The Justice Department (DOJ) is reportedly closer to permitting Capital One’s purchase of Discover.
That’s according to a report Monday (March 31) by the Capital Forum, citing sources familiar with the matter.
Those sources said the DOJ has refocused its review of the $35.3 billion deal on how it would hurt consumers with no credit history. The report said the DOJ had concluded it would not have a strong enough case in court to bar the merger based on concerns about the subprime sector.
However, the department is divided on whether it could even bring a case involving no-credit-history borrowers to court, and could just allow the deal to close, the report added.
Earlier in March, the news outlet had reported that the DOJ had determined that the deal would be anticompetitive.
Capital One announced its planned acquisition of Discover in February of last year, saying the deal would create a global payments platform with 70 million merchant acceptance points in more than 200 countries and territories.
“Our acquisition of Discover is a singular opportunity to bring together two very successful companies with complementary capabilities and franchises, and to build a payments network that can compete with the largest payments networks and payments companies,” Richard Fairbank, founder, chairman and CEO of Capital One, said in a news release at the time.
In February, Capital One and Discover said that more than 99% of the stockholders for both companies had voted to OK the merger. Capital One has said it expects to close the transaction in the earlier part of this year, pending approval by the Federal Reserve and the Office of the Comptroller of the Currency and other closing conditions.
The deal is also facing potential pushback on the state level. For example, New York Attorney General Letitia James said last year that her office was investigating the merger.

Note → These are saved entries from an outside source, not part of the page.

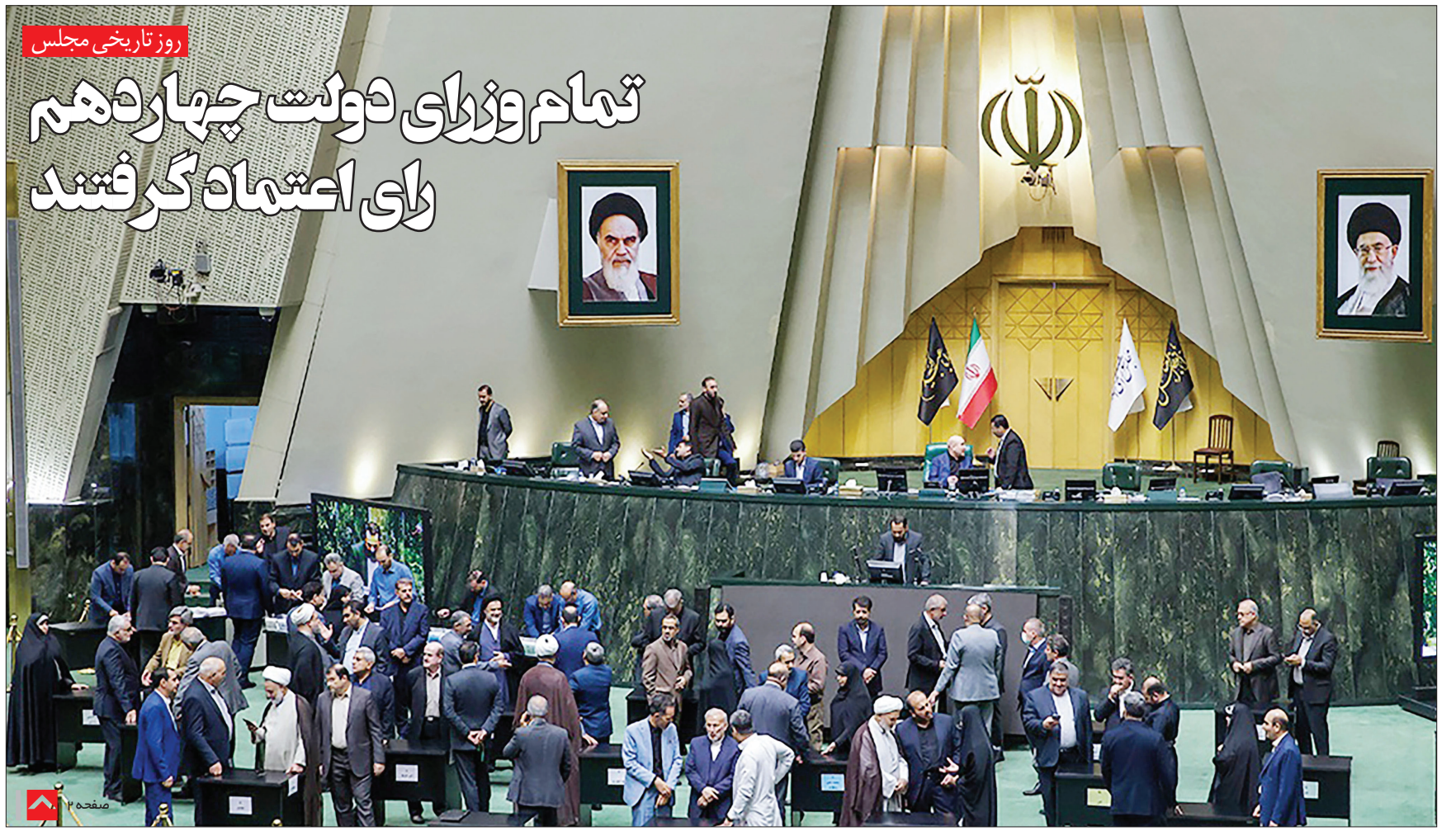
روز تاریخی مجلس
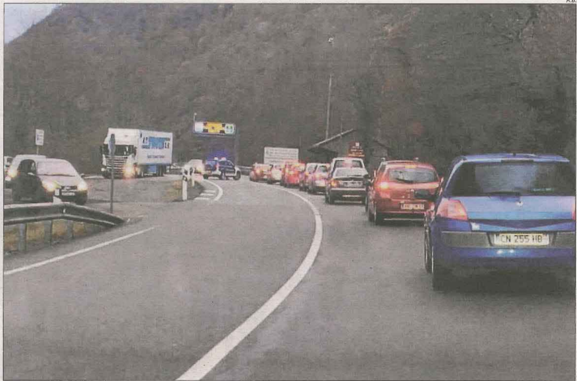
Cues de conductors francesos ahir a Eth Portilhon que no van poder passar a la Val d'Aran.
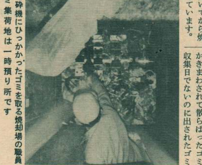
▲燃えるゴミと燃えないゴミは完全に別けてください。

しかし、このゴミを砕く機械にゴミの中に混入されたふんやビニール、金属物などがひつかかり故障が続出し、焼却能力が低下しています。このようにゴミの出し方が、焼却能力に大きな影響を与えています。ご家庭では燃えるゴミと燃えないゴミを完全に区分して、それぞれの収集日に出して下さい。 もしあなたの家の前が ゴミ集荷地だったら と、あなたは考えてみたことがありますか。夏場の悪臭、犬にかきまわされて散らばつたゴミ収集日でないに出されたゴミ ゴミを出す ときのルール ① ゴミは必ず収集日にあわせて出してください。 ② 燃えるゴミと燃えないゴミは完全に別けてください。 ③ 燃えるゴミ—紙類、皮革類、毛・綿・布類(小さく切ってください)、台所から出るゴミ(水分は完全に切ってください)、古材(10センチ角で長さ80センチのもの)など、燃えないゴミ—ふとん、たみ、家具、電化製品、プラスチック、ビニール、発泡スチロール、金属物、空ビン、スプレー類(必ず穴をあけること) ④ ゴミ袋は完全に口を縛ること ⑤ 引越しや庭木のせいでいなど一時に多量のゴミが出たときは、廃棄物処理業者にたのむか、自分で焼却場に運んでください。

James wrote in a court filing that the deal would have “significant impact” on New Yorkers, as the two companies would have a dominant 30% market share among subprime consumers.
The potential merger is happening as consumers turn to credit as a way to stay on top of emergency expenditures, according to “Managing Unplanned Expenses: How The Pay Later Economy Fits Consumer Needs,” a PYMNTS Intelligence and Splitit collaboration.
“Naturally, major unexpected expenses fall outside normal budgets, making it difficult for consumers to cover them,” PYMNTS wrote earlier this week.
“For impulse and emergency purchases alike, shoppers are more likely to pay with credit than cash. In fact, our latest research shows that access to credit heavily impacts a shopper’s ability to manage unplanned expenses and remain financially flexible, especially in the face of emergencies.”